La odontología regenerativa ha incorporado técnicas orientadas a aprovechar los propios recursos biológicos del paciente para favorecer la recuperación de los tejidos. Entre ellas se encuentra Endoret, denominación comercial de una tecnología basada en plasma rico en factores de crecimiento, conocida también por las siglas PRGF. Su aplicación en una clínica dental puede complementar determinados tratamientos quirúrgicos, especialmente cuando interesa mejorar la respuesta de la encía, del hueso o de la zona intervenida.
El procedimiento parte de una pequeña extracción de sangre del propio paciente. La muestra se procesa mediante centrifugación para separar diferentes fracciones y obtener un preparado con una concentración de plaquetas y proteínas implicadas en los mecanismos naturales de reparación. Posteriormente, el odontólogo puede utilizarlo en forma líquida, como coágulo o convertido en una membrana de fibrina, según las necesidades de la intervención. Endoret se presenta como un sistema cerrado que permite preparar estas formulaciones en condiciones controladas y aplicarlas de manera inmediata.

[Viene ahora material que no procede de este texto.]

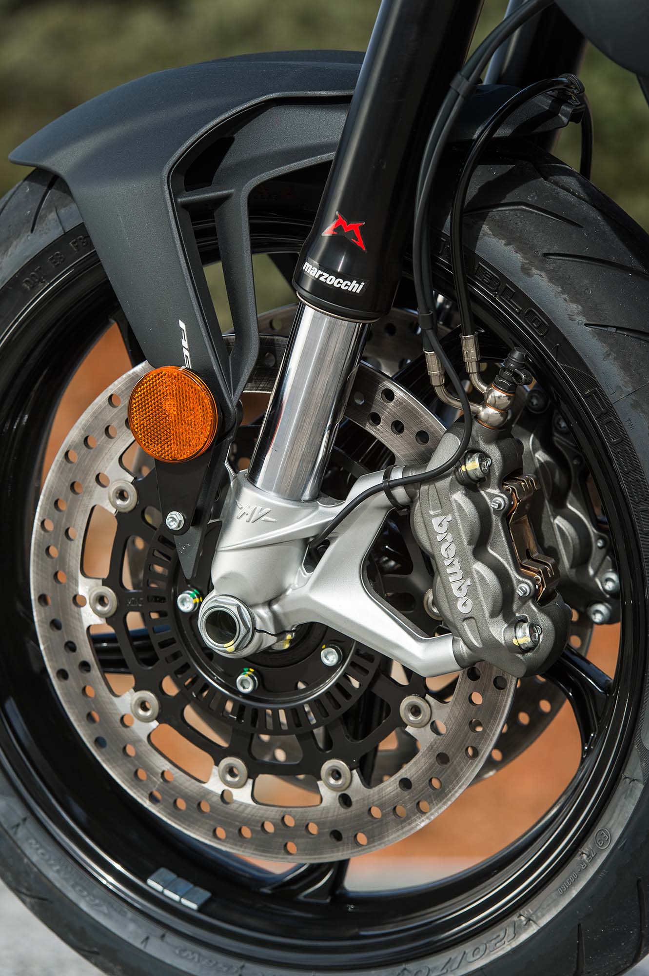 Fitted with Marzocchi forks and a Sachs rear shock, the suspension on the 2016 MV Agusta Brutale 800 is fully adjustable. Our bike was set up with settings that seemed to favor heavier riders, who like a moderately stiff ride from their motorcycle.

Uno de sus principales beneficios es su carácter autólogo. Esto significa que el preparado procede de la sangre de la misma persona que va a recibirlo. Al no utilizarse material sanguíneo de un donante, disminuye el riesgo de incompatibilidad inmunológica y de transmisión de enfermedades asociadas a productos biológicos ajenos. No obstante, antes de recomendarlo, el dentista debe revisar la historia clínica, la medicación y las condiciones generales del paciente, porque no todas las personas presentan las mismas necesidades ni responden de idéntica manera.
El Endoret se utiliza con frecuencia después de una extracción dental. Al retirar una pieza queda un espacio en el hueso denominado alveolo, que comienza un proceso natural de cicatrización. La aplicación del preparado puede contribuir a formar una matriz de fibrina que proteja el área y actúe como soporte para la reparación inicial. Esta cobertura biológica favorece la organización de las células que participan en el cierre de la herida y puede resultar especialmente útil cuando se quiere conservar el área para una rehabilitación posterior.
Una revisión sistemática publicada en 2026, centrada en ensayos clínicos sobre alveolos postextracción, concluyó que el PRGF puede ser un complemento beneficioso para mejorar la cicatrización, reducir el dolor y limitar la inflamación. Los autores señalaron, sin embargo, que existen diferencias metodológicas entre los estudios y que todavía son necesarios protocolos más homogéneos para establecer con mayor precisión la magnitud de sus efectos.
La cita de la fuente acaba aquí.